**Stored data**
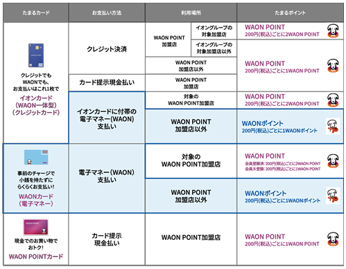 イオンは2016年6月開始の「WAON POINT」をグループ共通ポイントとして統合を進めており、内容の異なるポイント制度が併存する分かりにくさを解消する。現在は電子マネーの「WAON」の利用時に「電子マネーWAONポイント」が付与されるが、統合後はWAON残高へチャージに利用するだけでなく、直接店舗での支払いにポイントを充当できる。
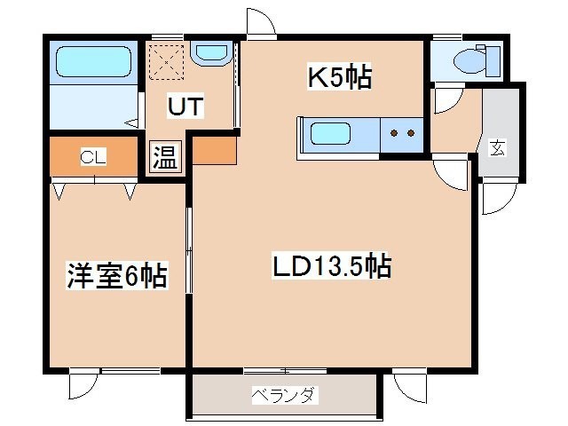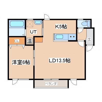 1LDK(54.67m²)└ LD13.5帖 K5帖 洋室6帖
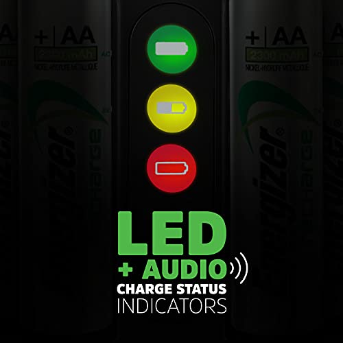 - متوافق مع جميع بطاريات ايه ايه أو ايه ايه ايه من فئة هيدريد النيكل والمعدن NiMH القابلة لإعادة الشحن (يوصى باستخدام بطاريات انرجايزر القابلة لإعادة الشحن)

**Task prompt**
Drop the pictures and reproduce the rest of the data exactly.

**Response below**
 イオンは2016年6月開始の「WAON POINT」をグループ共通ポイントとして統合を進めており、内容の異なるポイント制度が併存する分かりにくさを解消する。現在は電子マネーの「WAON」の利用時に「電子マネーWAONポイント」が付与されるが、統合後はWAON残高へチャージに利用するだけでなく、直接店舗での支払いにポイントを充当できる。
 1LDK(54.67m²)└ LD13.5帖 K5帖 洋室6帖
 - متوافق مع جميع بطاريات ايه ايه أو ايه ايه ايه من فئة هيدريد النيكل والمعدن NiMH القابلة لإعادة الشحن (يوصى باستخدام بطاريات انرجايزر القابلة لإعادة الشحن)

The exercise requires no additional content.